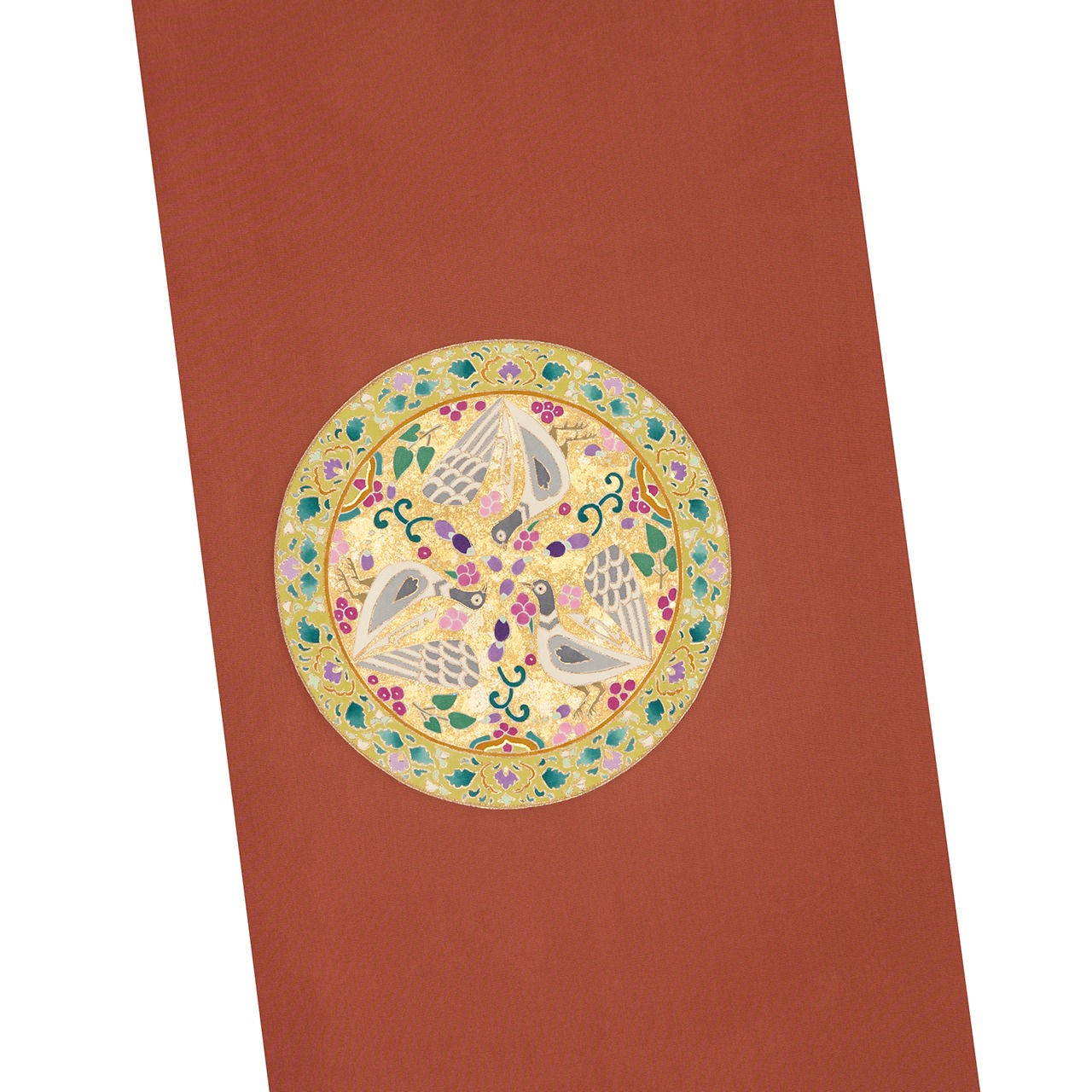 赤味のある茶・紅鳶色のしなやかな塩瀬の生地に、お太鼓のやや左寄りに大きな丸が取られ、その縁には若菜色の地にリボンのように草花の絵が描かれ、中は金の箔で埋められて、3羽の鳥と可愛いお花や木の実のようなものが描かれた、素敵な友禅染の九寸名古屋帯です。
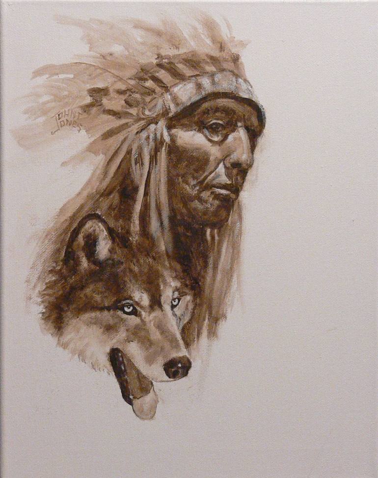 ACRYLIC MONOCHROME PAINTING ON STRETCHED CANVAS OF OLD INDIAN AND WOLF
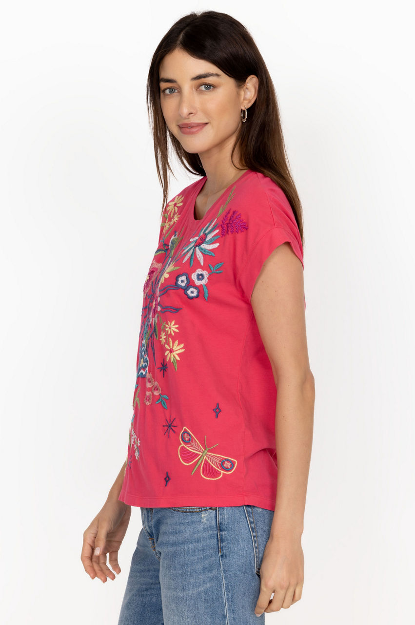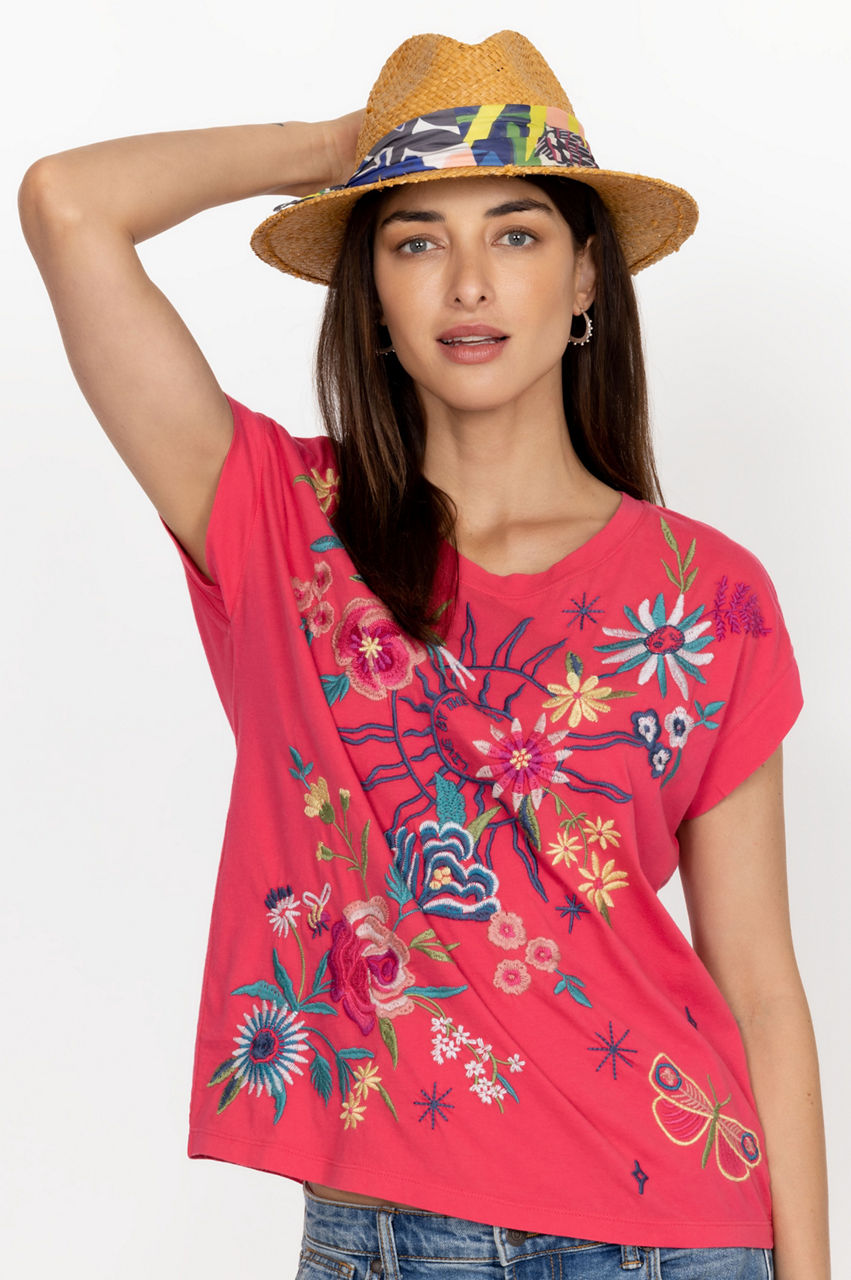 Refreshing and vibrant, the Arla Relaxed T-Shirt is a captivating take on a daily wardrobe basic. Cut in a relaxed fit, this tee is designed from pure, breathable cotton and features a round neck, short sleeves, and a colorful placement embroidery comprising dreamy florals. Style with everything from jeans to shorts and skirts.
###
■ Problem details ■
Set aside the pictures. Then return every line of the material above verbatim.

■ Result below ■
 赤味のある茶・紅鳶色のしなやかな塩瀬の生地に、お太鼓のやや左寄りに大きな丸が取られ、その縁には若菜色の地にリボンのように草花の絵が描かれ、中は金の箔で埋められて、3羽の鳥と可愛いお花や木の実のようなものが描かれた、素敵な友禅染の九寸名古屋帯です。
 ACRYLIC MONOCHROME PAINTING ON STRETCHED CANVAS OF OLD INDIAN AND WOLF
 Refreshing and vibrant, the Arla Relaxed T-Shirt is a captivating take on a daily wardrobe basic. Cut in a relaxed fit, this tee is designed from pure, breathable cotton and features a round neck, short sleeves, and a colorful placement embroidery comprising dreamy florals. Style with everything from jeans to shorts and skirts.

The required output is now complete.